→ **Records for this task**:

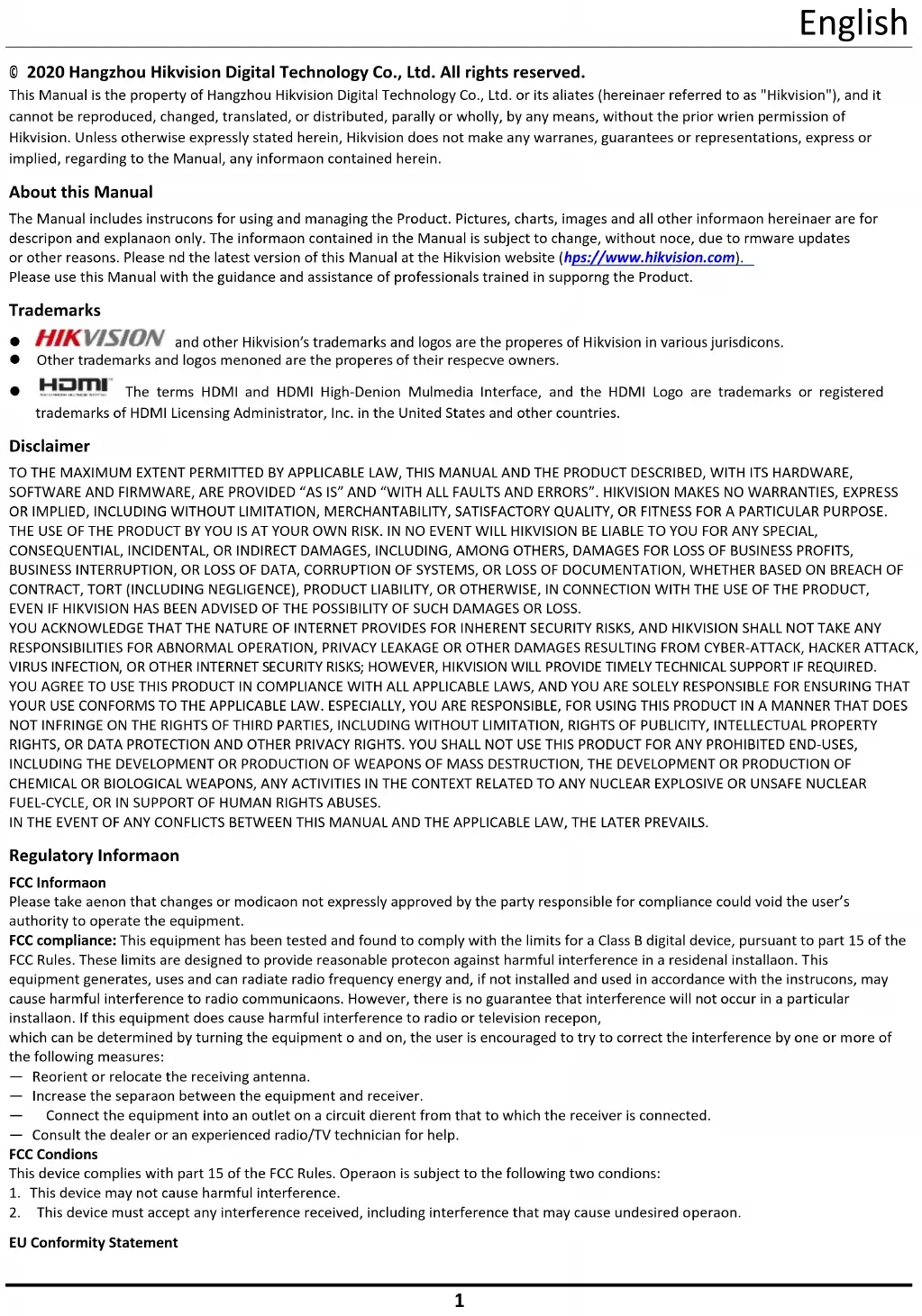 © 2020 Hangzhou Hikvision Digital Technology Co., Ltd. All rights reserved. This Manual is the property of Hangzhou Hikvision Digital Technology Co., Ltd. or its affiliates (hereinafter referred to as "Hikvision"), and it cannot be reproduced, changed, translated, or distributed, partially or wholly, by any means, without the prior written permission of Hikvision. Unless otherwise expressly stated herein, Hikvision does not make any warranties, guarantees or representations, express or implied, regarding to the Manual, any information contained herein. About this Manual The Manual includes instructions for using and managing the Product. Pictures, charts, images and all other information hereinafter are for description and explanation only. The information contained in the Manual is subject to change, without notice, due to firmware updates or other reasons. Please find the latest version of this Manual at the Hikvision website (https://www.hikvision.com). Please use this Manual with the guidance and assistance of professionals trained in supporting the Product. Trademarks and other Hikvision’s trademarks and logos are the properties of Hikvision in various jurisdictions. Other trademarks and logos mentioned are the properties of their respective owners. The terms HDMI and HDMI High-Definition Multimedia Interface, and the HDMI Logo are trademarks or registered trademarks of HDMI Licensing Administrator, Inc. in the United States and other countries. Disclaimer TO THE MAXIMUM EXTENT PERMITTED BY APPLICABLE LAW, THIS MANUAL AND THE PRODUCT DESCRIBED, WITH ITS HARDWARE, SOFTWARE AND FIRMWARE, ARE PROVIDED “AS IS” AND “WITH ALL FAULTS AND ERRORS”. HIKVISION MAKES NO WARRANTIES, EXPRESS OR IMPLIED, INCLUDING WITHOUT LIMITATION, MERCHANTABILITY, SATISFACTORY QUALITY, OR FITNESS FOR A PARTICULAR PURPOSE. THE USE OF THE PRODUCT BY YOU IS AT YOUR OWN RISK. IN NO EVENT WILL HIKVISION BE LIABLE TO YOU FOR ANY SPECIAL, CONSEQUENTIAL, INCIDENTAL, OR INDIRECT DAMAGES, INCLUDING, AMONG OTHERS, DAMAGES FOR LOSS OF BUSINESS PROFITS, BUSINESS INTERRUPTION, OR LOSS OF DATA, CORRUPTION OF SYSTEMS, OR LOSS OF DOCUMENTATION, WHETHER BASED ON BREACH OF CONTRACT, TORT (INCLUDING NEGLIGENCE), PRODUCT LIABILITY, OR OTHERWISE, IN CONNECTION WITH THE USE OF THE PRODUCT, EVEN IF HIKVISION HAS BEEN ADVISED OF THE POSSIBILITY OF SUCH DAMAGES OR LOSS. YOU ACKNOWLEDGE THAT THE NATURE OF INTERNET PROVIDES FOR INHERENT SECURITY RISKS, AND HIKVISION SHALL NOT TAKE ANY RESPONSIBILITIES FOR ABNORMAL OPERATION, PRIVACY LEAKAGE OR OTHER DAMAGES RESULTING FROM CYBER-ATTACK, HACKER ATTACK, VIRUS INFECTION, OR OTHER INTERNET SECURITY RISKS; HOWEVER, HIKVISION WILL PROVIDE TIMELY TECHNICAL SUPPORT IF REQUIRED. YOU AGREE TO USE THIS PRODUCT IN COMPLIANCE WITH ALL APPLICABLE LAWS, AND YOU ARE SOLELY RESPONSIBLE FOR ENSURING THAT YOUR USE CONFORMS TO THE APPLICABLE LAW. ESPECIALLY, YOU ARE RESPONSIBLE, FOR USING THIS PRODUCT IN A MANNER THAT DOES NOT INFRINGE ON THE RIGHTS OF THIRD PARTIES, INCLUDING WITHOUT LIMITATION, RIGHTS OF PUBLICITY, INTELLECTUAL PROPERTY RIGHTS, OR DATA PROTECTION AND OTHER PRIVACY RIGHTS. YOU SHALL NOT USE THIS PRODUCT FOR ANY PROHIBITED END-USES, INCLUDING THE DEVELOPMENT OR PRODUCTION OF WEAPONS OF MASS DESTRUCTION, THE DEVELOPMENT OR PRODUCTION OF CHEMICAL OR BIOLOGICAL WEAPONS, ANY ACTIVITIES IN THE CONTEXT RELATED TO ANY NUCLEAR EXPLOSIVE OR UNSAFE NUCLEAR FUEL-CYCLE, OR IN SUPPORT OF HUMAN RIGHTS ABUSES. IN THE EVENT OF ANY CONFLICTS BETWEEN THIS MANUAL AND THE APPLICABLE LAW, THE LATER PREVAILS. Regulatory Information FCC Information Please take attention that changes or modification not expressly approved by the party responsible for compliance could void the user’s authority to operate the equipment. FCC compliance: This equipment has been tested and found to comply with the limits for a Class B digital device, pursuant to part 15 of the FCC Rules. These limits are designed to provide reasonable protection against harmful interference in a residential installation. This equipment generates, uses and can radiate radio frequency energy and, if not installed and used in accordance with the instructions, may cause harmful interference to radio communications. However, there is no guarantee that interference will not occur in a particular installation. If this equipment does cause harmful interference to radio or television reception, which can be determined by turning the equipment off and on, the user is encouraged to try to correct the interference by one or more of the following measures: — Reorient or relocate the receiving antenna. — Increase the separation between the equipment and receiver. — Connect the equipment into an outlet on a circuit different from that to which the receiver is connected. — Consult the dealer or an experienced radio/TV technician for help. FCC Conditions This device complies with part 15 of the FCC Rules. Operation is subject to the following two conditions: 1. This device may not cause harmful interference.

...

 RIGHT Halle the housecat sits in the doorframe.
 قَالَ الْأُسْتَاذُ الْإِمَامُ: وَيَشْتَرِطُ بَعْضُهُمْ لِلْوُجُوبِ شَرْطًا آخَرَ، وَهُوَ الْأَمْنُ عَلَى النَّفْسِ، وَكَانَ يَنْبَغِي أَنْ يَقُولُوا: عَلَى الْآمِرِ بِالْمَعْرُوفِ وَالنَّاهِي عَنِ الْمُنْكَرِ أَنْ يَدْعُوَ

→ **What is required**: Could you return exactly the lines above from the line with "RIGHT Halle the" to the line with "قَالَ الْأُسْتَاذُ الْإِمَامُ: وَيَشْتَرِطُ", both included, and nothing else?

→ **Solution to this exercise**:
 RIGHT Halle the housecat sits in the doorframe.
 قَالَ الْأُسْتَاذُ الْإِمَامُ: وَيَشْتَرِطُ بَعْضُهُمْ لِلْوُجُوبِ شَرْطًا آخَرَ، وَهُوَ الْأَمْنُ عَلَى النَّفْسِ، وَكَانَ يَنْبَغِي أَنْ يَقُولُوا: عَلَى الْآمِرِ بِالْمَعْرُوفِ وَالنَّاهِي عَنِ الْمُنْكَرِ أَنْ يَدْعُوَ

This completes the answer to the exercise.